Final Fantasy XIV: Shadowbringers

First Place

Second Place

Third Place

Final Fantasy XIV put in strong challenges for the big prize with every release since Naoki Yoshida and his team revived its fortunes in A Realm Reborn in 2012. With Final Fantasy XIV: Shadowbringers, it ended up blowing its opposition away and deservedly comes away with RPGamer’s Game of the Year Award for 2019. All of the staff members who played it were universal in their effusive praise as Shadowbringers takes the game to heights that studios dream of.

The development team deserves full credit for its constant efforts at improving the game, not just in adding content but improving the entire gameplay experience. Changes to the combat system have left Final Fantasy XIV: Shadowbringers’ systems in a great place, with new elements — including the very interesting Gunbreaker and Dancer jobs — joined by work to ensure that players don’t have too many things piled on them. And the new content that is on offer is fantastic. The design team has been right at the top of its game with the creation of The First and all it entails. The writing and localisation is once again fantastic, while the main scenario from Natsuko Ishikawa should go down as one of the series’ greatest. Adding to this is another amazing, memorable score from Masayoshi Soken. Final Fantasy XIV: Shadowbringers is a truly glorious experience and the peak of a stellar year for RPGs.

 

 

A Trails game challenging for the Game of the Year title is certainly nothing new, and it really did take something special to beat The Legend of Heroes: Trails of Cold Steel III into that top spot. Minus needing an entire further game to get to the saga’s full conclusion, Trails of Cold Steel III was everything that the series fans fans wanted, sucking them back into its incredibly detailed world, offering amazing music and locations in which one can just sit and relax, and gifting a twisting and fascinating story involving incredibly deep characters that are easy to get attached to. Nihon Falcom is truly on a roll with this series and, although western RPGamers have always had to deal with a bit of a wait with it, there’s yet more to look forward to.

Even when looking back at the forty or so years of history of video game RPGs, there is nothing quite like Disco Elysium. Famed designer Warren Spector has in the past professed that his ideal game would be something akin to an RPG set on one city block, a detailed and reactive look at a small community and how the player can interact with that community. Disco Elysium is the closest game yet to being that reality, covering a ramshackle region of Revachol, an Eastern Bloc-inspired city still suffering under occupation from a war half a century gone. Eschewing the traditional focus of combat-heavy gameplay with occasional options for non-violence, Disco Elysium plays far more like an adventure game with stats.

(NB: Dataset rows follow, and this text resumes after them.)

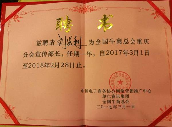 同时,由于优异的表现征服了评委,刘总荣誉担任牛商会上海分会宣传部长!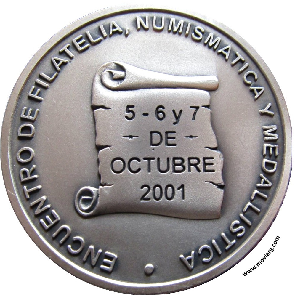 Anverso: CENTRO FILATELICO Y NUMISMATICO / " CARLOS / MARIO / PINTO " / OLAVARRIA. Firma: RUIZ Reverso: ENCUENTRO DE FILATELIA, NUMISMATICA Y MEDALLISTICA / 5 - 6 Y 7 / DE / OCTUBRE / 2001 Referencia: | |
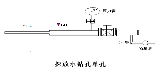 根據防治水相關規(guī)定,煤層探放水的止水套管長度選為10米。開孔采用φ42鉆桿,φ108金剛石鉆頭鉆進,鉆進10.0m后,沖洗鉆孔,下入φ98套管,套管長度6m,套管外口焊接法蘭盤,套管用水泥漿固定,掃出管內水泥后,法蘭盤外鏈接裝壓力表的短節(jié),短節(jié)外接高壓閘閥,然后換用不大于φ65鉆頭鉆進終孔。

And unlike the stats in other games, the twenty-four stats of Disco Elysium are all characters in their own right, manifesting as voices in the player’s head that try to, for better or for worse, direct the player’s decision making. While the game also has a heavy political bent — nearly every character is ready to wax philosophic — it functions spectacularly as the story of one admittedly terrible man. And whatever that ends up meaning to players, the game is receptive to it. Disco Elysium is the new standard for player choice in an RPG. With any luck, it becomes a base on which future creators seek to build and a true shift for the genre.